Scholars like Joseph Nye have correctly pointed out that to build ‘alliances, partnerships, and institutions’ is the first pillar in creating and maintaining ‘smart power’. Traditionally, China has been short of both the willingness and capability to engage in regional agenda-setting, rule-making and institution-building. But recently this has been changing. To build a community of shared interests, destiny and responsibility, China is even welcoming other countries to ‘free ride’ on its growth. Beijing is catching up with Washington and Tokyo in terms of hard power. The cooperation and competition for regional leadership offers an arena to practice and sharpen its soft power and smart power.

It is imperative that both China and Japan re-interpret the importance of functional cooperation in regional integration. There has been an undeniable decline in Sino–Japanese cooperation and coordination in many functional areas during the past few years. Functional cooperation itself, either in quantity or in quality, moves at a sluggish pace as the perceived benefits of this cooperation decrease. This also reduces the spill-over effects from functional cooperation, as collaborative efforts are only able to continue in niche sectors, are incapable of rising to higher levels and are limited to ministerial contact. Cooperation in ‘low politics’ is less and less regarded as a necessary political glue.

Ultimately functional cooperation still exerts a cumulative effect on regional identity. It can be carried out at the sub-national and super-national level, minimising tensions over territory, natural resources and other sensitive issues, as we have seen in the cooperation in the Mekong region and the pan-Yellow Sea region. The aggregation and consolidation of common practices at different levels of cooperation could take the region one step towards a verbal or written consensus. Hopefully, the interconnection and overlap of these different cooperative mechanisms will lead to their becoming institutionalised, and eventually contribute to political reconciliation and regional integration.

For China, perceptions of Japan are made up of intertwined identities and images: a former invader and aggressor, a counterpart of long-time exchanges, a model of success, a source of learning and assistance, an indispensible neighbour, and an existing regional power and potential competitor in the same region. Cooperation and competition for regional leadership adds more variables to this complicated and delicate bilateral relationship. China is still adapting and learning how to use its own increasing power. At the same time, Japan and other countries are also coming to terms with and accommodating China’s rising power. There is every reason to wish, for all of these processes, a peaceful, constructive and sustainable future. After all, the Asia Pacific kitchen is big enough to accommodate two chefs.

He Ping is an associate professor of international political economy at the Center for Japanese Studies, Institute of International Studies, Fudan University.

This article appeared in the most recent edition of the East Asia Forum Quarterly, ‘Japan-China relations’.

One response to “Could Sino–Japanese competition benefit Asia?”

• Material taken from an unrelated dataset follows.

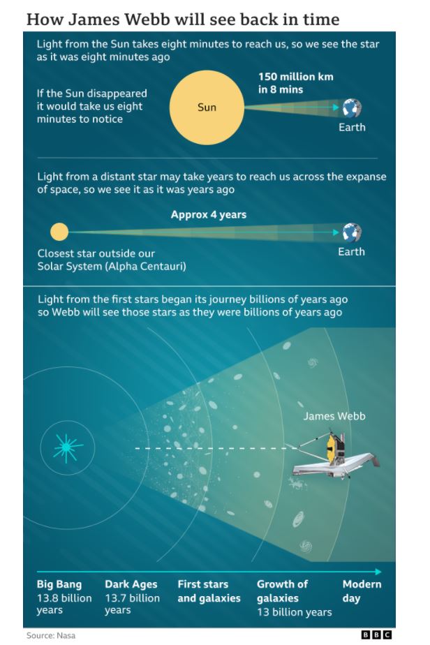 Το κόστους 10 δισεκατομμυρίων δολαρίων τηλεσκόπιο θα τεθεί σε τροχιά γύρω από τον Ήλιο στο δεύτερο σημείο Lagrange ή L2, μένοντας σε περίπου σταθερή απόσταση 1,5 εκατομμυρίων χιλιομέτρων από τη Γη ή περίπου τέσσερις φορές πιο μακριά από τη Σελήνη. Συγκριτικά, το διαστημικό τηλεσκόπιο Hubble – που είχε εκτοξευθεί το 1990 – βρίσκεται στο ένα τρίτο αυτής της απόστασης από τον πλανήτη μας (σχεδόν 550 χιλιόμετρα).

  1. Thanks for a perspective that I had net seen before. The Asian kitchen is certainly plenty large and diverse enough to benefit from two chefs. If China and Japan could focus more on areas where their resources and talents could complement rather than solely compete with each other, their relationship would improve. And the region would benefit.

    Two examples come to mind. First,the recent competition between them for the construction of high speed rail in Indonesia benefited the latter by affording it some choice. Perhaps Japan could learn how to build less expensive, ‘simpler’ bullet train systems?

    Second, Japan has a highly sophisticated and largely effective system of medical technology and care. It could make this available to China via joint training programs, etc. This would improve China’s medical systems. It could also lead to better, more cooperative relations between the two countries.